GIVEN ENTRIES Block Start
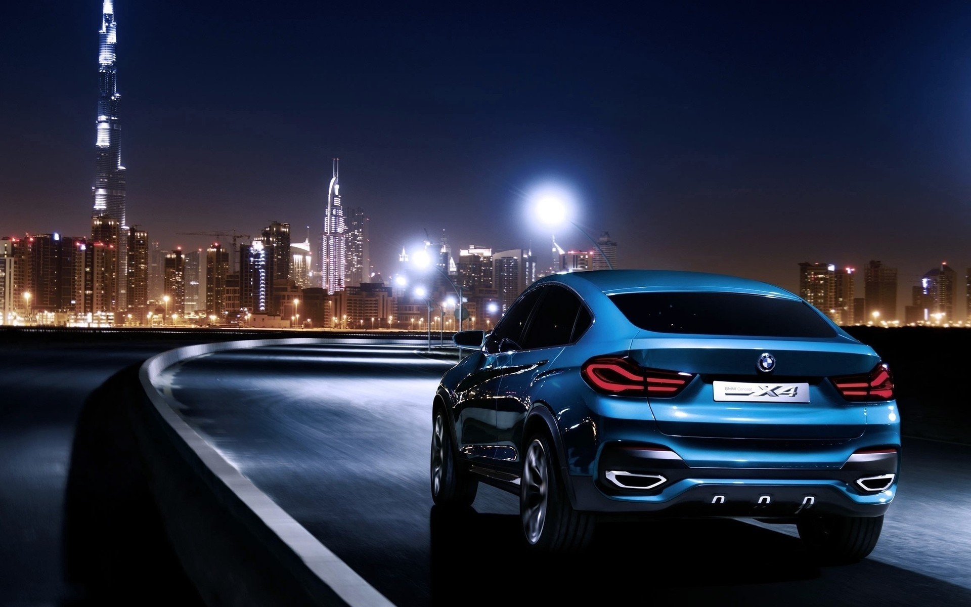 Mavi BMW arabası gece kasabasının zeminine karşı yolda ilerliyor
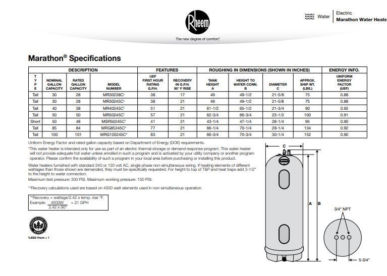Marathon water heater spec sheet.
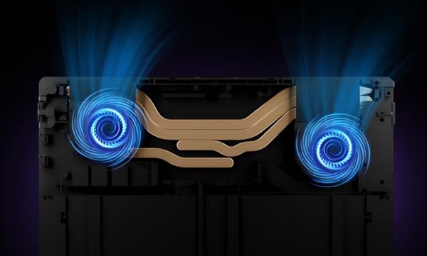 散热方面,其搭载双风扇散热系统,4.0mm超薄双风扇,1mm超薄四热管,0.2mm铝合金鳍片,背面进风,顶部出风,高效散热。
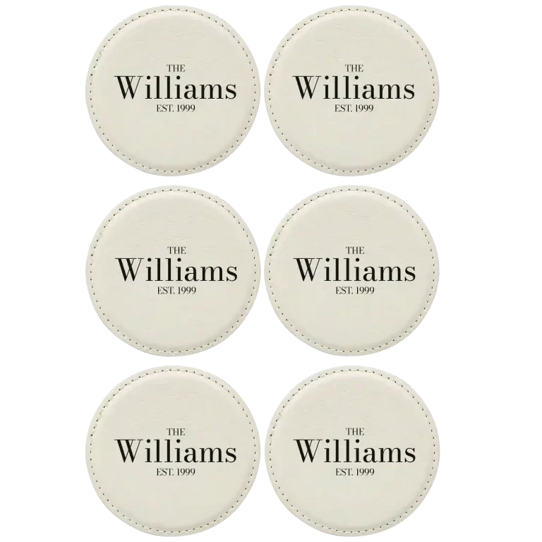 Personalized Family EST Round Leatherette Coasters Set of 6 – White
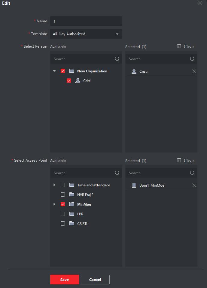 Datele definite mai sus necesita sincronizare cu terminalul MinMoe. Pentru aceasta se va naviga in iVMS in meniul Access Control->Authorization->Access Group, de unde se va defini un grup de control acces cu date specifice ca template de orar pentru acces, persoana/persoanele care fac parte din grupul respectiv si terminalul/terminalele care vor fi asociate cu grupul respectiv. Setarile sunt salvate la apasarea butonului OK, urmate de incarcarea efectiva in terminal.
GIVEN ENTRIES Block End
EXERCISE BRIEF – Type out all the records verbatim, minus images.

RESPONSE TO THE TASK –
 Mavi BMW arabası gece kasabasının zeminine karşı yolda ilerliyor
Marathon water heater spec sheet.
 散热方面,其搭载双风扇散热系统,4.0mm超薄双风扇,1mm超薄四热管,0.2mm铝合金鳍片,背面进风,顶部出风,高效散热。
 Personalized Family EST Round Leatherette Coasters Set of 6 – White
 Datele definite mai sus necesita sincronizare cu terminalul MinMoe. Pentru aceasta se va naviga in iVMS in meniul Access Control->Authorization->Access Group, de unde se va defini un grup de control acces cu date specifice ca template de orar pentru acces, persoana/persoanele care fac parte din grupul respectiv si terminalul/terminalele care vor fi asociate cu grupul respectiv. Setarile sunt salvate la apasarea butonului OK, urmate de incarcarea efectiva in terminal.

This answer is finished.